--- Given entries Enclosed Below ---
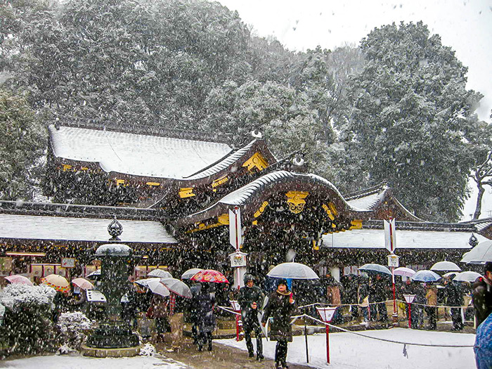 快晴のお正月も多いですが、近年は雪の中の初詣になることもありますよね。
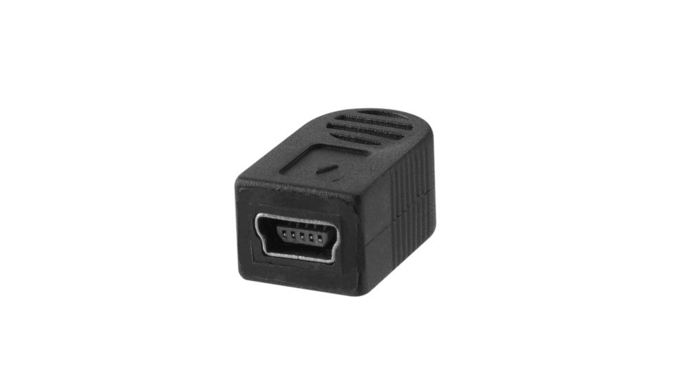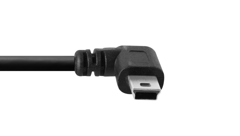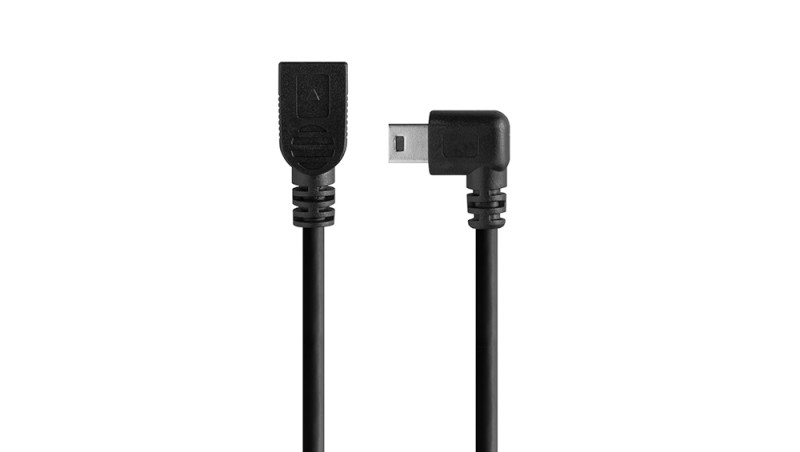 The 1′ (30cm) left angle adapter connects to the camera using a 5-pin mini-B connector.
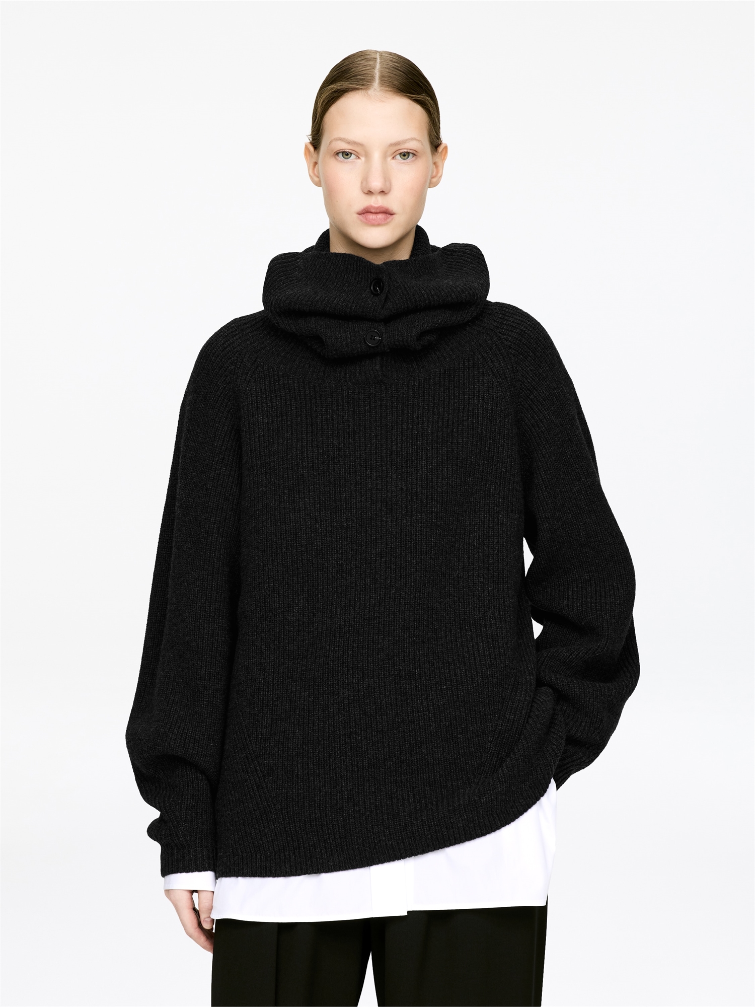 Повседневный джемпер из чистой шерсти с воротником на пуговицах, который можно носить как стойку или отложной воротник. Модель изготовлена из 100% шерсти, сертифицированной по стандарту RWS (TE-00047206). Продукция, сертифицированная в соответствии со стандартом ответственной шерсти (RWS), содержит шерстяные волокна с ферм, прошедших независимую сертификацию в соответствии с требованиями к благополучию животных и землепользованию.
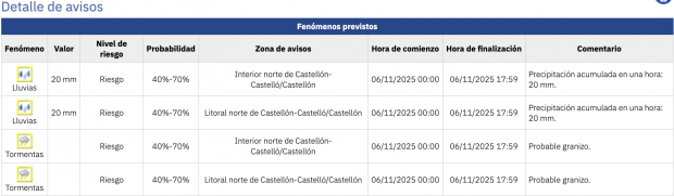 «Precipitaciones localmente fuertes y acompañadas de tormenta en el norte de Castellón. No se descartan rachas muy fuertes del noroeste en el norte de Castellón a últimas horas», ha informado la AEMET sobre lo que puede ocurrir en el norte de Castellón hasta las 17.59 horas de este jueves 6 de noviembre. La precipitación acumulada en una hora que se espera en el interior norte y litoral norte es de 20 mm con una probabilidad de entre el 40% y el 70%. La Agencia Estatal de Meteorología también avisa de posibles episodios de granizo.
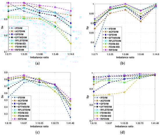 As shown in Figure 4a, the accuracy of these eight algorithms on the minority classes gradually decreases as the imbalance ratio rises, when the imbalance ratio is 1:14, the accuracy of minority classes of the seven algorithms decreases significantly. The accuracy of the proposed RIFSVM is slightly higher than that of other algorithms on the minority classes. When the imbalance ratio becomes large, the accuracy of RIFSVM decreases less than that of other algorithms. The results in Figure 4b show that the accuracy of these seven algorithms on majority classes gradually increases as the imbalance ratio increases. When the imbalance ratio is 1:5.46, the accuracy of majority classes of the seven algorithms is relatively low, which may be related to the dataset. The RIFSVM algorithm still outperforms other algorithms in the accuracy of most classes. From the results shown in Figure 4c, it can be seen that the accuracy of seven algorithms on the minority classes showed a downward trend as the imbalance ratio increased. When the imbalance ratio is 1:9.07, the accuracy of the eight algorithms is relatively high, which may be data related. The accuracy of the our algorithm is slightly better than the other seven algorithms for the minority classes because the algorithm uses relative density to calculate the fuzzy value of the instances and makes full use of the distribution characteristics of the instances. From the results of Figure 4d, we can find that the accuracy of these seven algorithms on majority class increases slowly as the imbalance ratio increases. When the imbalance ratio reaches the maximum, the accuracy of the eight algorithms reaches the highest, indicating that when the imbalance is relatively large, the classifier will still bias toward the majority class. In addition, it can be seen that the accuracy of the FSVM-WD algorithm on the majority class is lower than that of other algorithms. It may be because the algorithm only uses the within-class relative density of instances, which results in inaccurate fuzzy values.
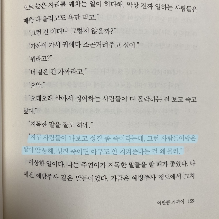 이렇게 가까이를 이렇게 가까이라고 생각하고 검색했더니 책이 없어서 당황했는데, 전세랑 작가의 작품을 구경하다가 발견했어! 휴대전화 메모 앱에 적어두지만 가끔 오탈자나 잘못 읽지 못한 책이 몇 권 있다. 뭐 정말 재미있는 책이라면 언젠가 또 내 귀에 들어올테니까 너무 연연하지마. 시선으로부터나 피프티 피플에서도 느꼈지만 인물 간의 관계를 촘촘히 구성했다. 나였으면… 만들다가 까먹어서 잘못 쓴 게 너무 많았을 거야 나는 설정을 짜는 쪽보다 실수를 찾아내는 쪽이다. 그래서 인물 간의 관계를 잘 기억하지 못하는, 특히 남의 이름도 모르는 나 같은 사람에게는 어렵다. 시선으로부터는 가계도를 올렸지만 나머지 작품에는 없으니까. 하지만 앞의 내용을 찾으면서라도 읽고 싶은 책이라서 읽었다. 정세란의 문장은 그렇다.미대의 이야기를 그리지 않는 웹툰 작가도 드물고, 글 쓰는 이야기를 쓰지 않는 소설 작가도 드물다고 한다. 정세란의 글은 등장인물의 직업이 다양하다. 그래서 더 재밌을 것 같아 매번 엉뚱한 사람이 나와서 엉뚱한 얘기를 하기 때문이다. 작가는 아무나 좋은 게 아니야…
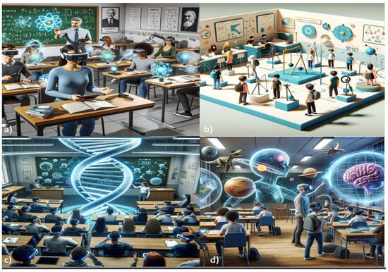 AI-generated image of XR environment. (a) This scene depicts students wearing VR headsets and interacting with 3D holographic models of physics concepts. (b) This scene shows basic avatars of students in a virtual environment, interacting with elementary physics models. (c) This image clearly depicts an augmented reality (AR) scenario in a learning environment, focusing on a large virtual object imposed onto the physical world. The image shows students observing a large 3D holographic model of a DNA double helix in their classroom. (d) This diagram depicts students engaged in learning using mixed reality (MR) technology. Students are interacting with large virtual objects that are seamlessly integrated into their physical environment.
--- End of Enclosed Given entries ---
--- Given entries Enclosed Below ---
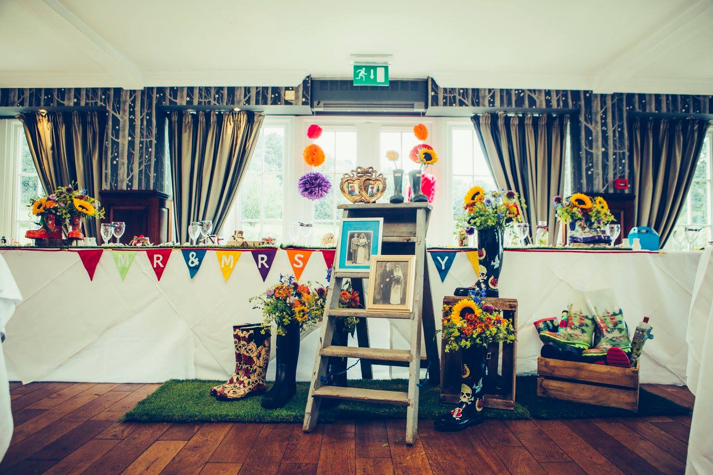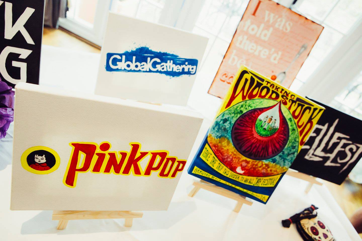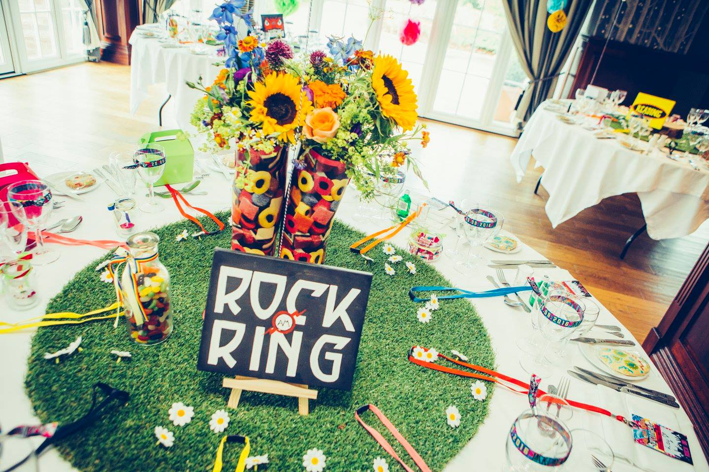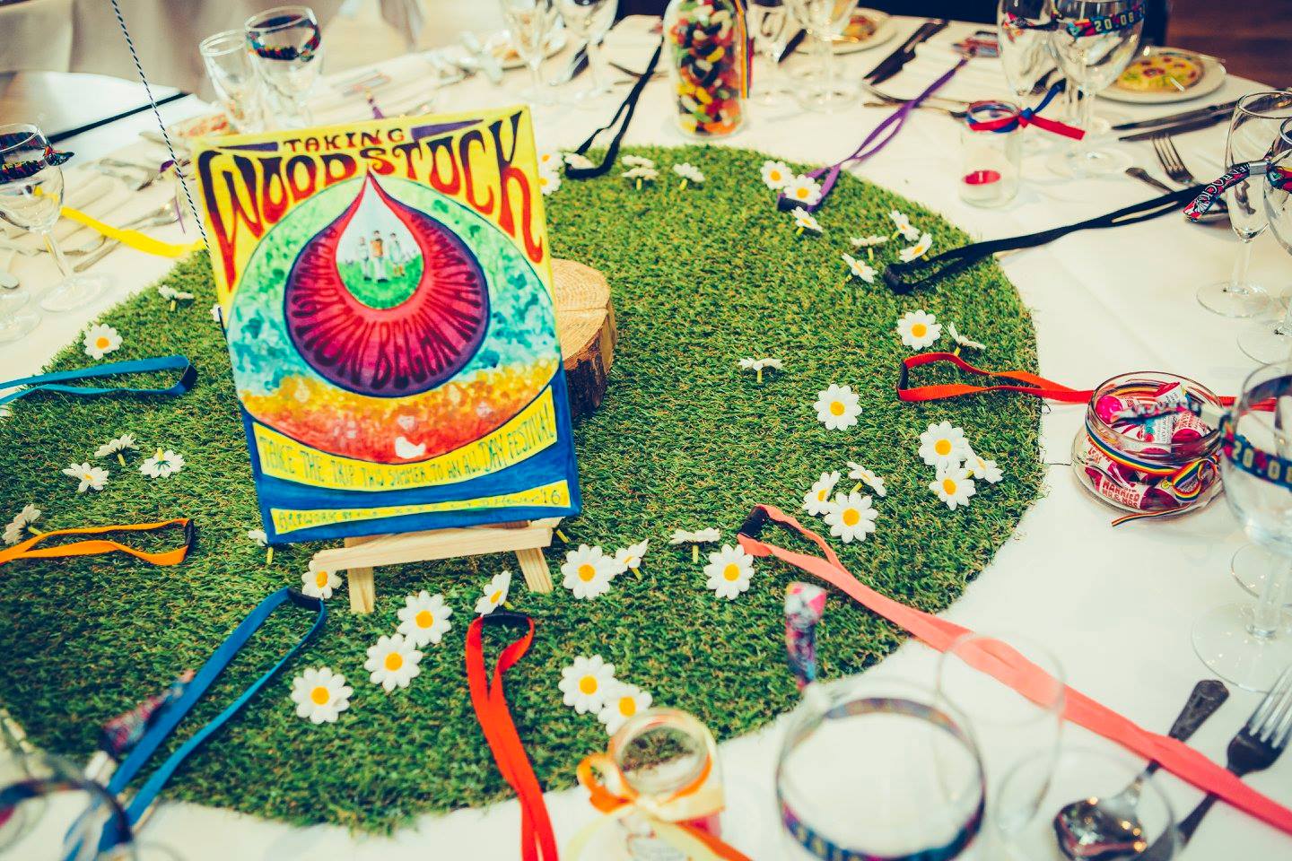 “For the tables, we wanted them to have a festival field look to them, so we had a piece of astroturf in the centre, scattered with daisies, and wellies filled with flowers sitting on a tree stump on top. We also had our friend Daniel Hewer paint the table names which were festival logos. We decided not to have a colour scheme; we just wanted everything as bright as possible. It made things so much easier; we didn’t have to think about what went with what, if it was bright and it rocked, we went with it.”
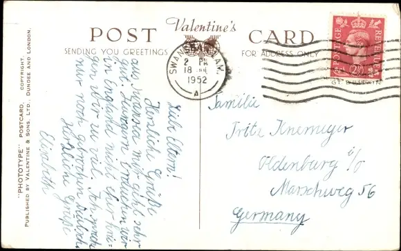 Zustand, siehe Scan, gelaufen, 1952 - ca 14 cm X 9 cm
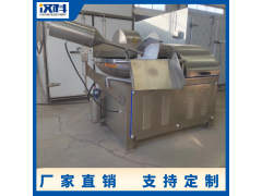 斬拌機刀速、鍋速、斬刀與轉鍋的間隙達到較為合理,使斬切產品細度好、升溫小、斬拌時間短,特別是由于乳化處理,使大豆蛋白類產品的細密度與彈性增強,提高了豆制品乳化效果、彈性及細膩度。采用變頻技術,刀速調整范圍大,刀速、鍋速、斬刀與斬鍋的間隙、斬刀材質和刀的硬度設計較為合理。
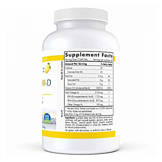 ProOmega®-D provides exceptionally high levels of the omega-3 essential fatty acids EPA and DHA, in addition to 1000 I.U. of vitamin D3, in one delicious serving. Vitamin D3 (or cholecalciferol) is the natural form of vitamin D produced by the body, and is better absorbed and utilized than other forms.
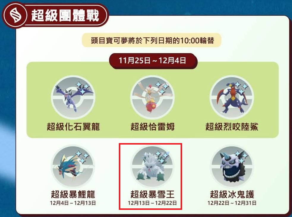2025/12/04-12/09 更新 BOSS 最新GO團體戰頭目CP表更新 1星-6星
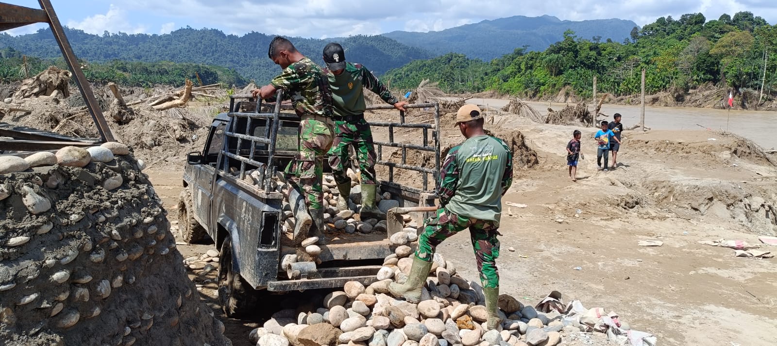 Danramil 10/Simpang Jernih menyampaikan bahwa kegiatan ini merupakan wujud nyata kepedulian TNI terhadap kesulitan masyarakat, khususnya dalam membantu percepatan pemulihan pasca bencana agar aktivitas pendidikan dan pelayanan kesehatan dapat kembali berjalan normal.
--- End of Enclosed Given entries ---
--- Given entries Enclosed Below ---
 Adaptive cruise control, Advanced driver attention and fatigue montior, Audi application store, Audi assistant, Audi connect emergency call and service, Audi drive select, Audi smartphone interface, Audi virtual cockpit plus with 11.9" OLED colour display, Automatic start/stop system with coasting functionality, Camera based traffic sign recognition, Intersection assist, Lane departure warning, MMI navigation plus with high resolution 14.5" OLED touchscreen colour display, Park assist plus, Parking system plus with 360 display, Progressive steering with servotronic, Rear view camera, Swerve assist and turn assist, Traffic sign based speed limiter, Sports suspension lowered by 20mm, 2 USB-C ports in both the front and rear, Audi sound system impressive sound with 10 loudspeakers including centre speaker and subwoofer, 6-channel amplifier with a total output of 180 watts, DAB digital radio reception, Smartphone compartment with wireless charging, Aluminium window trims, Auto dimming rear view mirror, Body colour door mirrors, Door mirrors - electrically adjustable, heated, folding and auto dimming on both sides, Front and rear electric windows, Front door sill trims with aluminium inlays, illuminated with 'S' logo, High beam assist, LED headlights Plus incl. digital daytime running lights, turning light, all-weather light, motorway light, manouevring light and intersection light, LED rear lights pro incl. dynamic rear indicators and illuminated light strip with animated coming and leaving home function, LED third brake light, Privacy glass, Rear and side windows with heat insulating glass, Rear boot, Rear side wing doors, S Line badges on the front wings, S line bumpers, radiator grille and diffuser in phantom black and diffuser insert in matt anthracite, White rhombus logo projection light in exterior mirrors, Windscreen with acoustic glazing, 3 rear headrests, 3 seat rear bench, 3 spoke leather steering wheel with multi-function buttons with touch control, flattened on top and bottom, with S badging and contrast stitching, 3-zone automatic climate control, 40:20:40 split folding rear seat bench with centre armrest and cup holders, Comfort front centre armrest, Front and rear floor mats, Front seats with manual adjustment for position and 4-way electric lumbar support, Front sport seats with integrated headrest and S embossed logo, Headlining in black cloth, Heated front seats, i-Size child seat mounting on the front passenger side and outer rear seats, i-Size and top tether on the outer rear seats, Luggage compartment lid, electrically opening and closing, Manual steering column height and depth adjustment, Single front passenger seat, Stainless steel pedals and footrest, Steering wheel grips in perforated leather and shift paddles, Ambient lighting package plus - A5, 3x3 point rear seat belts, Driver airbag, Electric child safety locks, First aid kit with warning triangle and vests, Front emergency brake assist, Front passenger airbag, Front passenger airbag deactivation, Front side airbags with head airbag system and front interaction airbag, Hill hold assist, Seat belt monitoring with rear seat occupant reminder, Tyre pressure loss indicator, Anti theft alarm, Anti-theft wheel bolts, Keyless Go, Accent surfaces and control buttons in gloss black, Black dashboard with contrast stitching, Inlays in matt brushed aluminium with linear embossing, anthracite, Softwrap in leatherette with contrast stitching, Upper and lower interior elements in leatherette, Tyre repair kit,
--- End of Enclosed Given entries ---
▸ **Exercise requirements**
Within the listing above, the lines starting at the one containing "快晴のお正月も多いですが、近年は雪の中の初詣になることもありますよね。" and ending at the one containing "episodios de granizo." are to be returned exactly. Omit the pictures.

▸ **Response below**
 快晴のお正月も多いですが、近年は雪の中の初詣になることもありますよね。
 The 1′ (30cm) left angle adapter connects to the camera using a 5-pin mini-B connector.
 Повседневный джемпер из чистой шерсти с воротником на пуговицах, который можно носить как стойку или отложной воротник. Модель изготовлена из 100% шерсти, сертифицированной по стандарту RWS (TE-00047206). Продукция, сертифицированная в соответствии со стандартом ответственной шерсти (RWS), содержит шерстяные волокна с ферм, прошедших независимую сертификацию в соответствии с требованиями к благополучию животных и землепользованию.
 «Precipitaciones localmente fuertes y acompañadas de tormenta en el norte de Castellón. No se descartan rachas muy fuertes del noroeste en el norte de Castellón a últimas horas», ha informado la AEMET sobre lo que puede ocurrir en el norte de Castellón hasta las 17.59 horas de este jueves 6 de noviembre. La precipitación acumulada en una hora que se espera en el interior norte y litoral norte es de 20 mm con una probabilidad de entre el 40% y el 70%. La Agencia Estatal de Meteorología también avisa de posibles episodios de granizo.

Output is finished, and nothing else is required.